The choice of the Complex Method proved highly suitable. Its ability to handle non-differentiable, simulation-based objective functions and explicit constraints makes it a practical tool for this real-world engineering problem. The significant positive profile shift coefficients (\( x_1, x_2 > 2.0 \)) obtained in the example are characteristic of harmonic drive gears. They serve to avoid undercut in the flexspline (which has a low virtual tooth count due to its large negative deflection), strengthen the tooth form, and, as optimized here, finely tune the operating clearance.
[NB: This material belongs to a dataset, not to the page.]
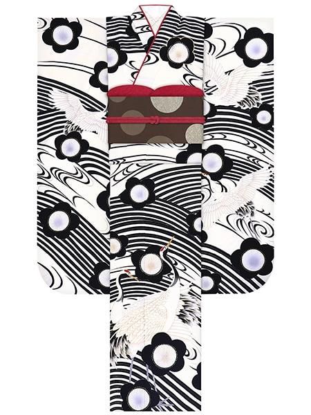 振袖レンタルセット 大梅に椿(赤)/帯 ドット(ブラウン)

The radial deformation coefficient \( w_0^* \approx 1.0 \) is also typical, indicating a wave generator amplitude roughly equal to the module. This value balances sufficient tooth engagement for torque capacity against excessive flexspline stress and strain.
In conclusion, the systematic, optimization-based approach presented herein moves harmonic drive gear design from a realm of empirical trial-and-error or limited standard tables to a more analytical and performance-driven process. It allows designers to tailor a harmonic drive gear for specific applications, whether they demand ultra-high precision with near-zero backlash or robust power transmission with controlled clearance. Future work could expand the optimization framework to include multi-objective considerations, such as simultaneously minimizing backlash and maximizing fatigue life or torsional stiffness, further advancing the design sophistication of this uniquely capable gear technology.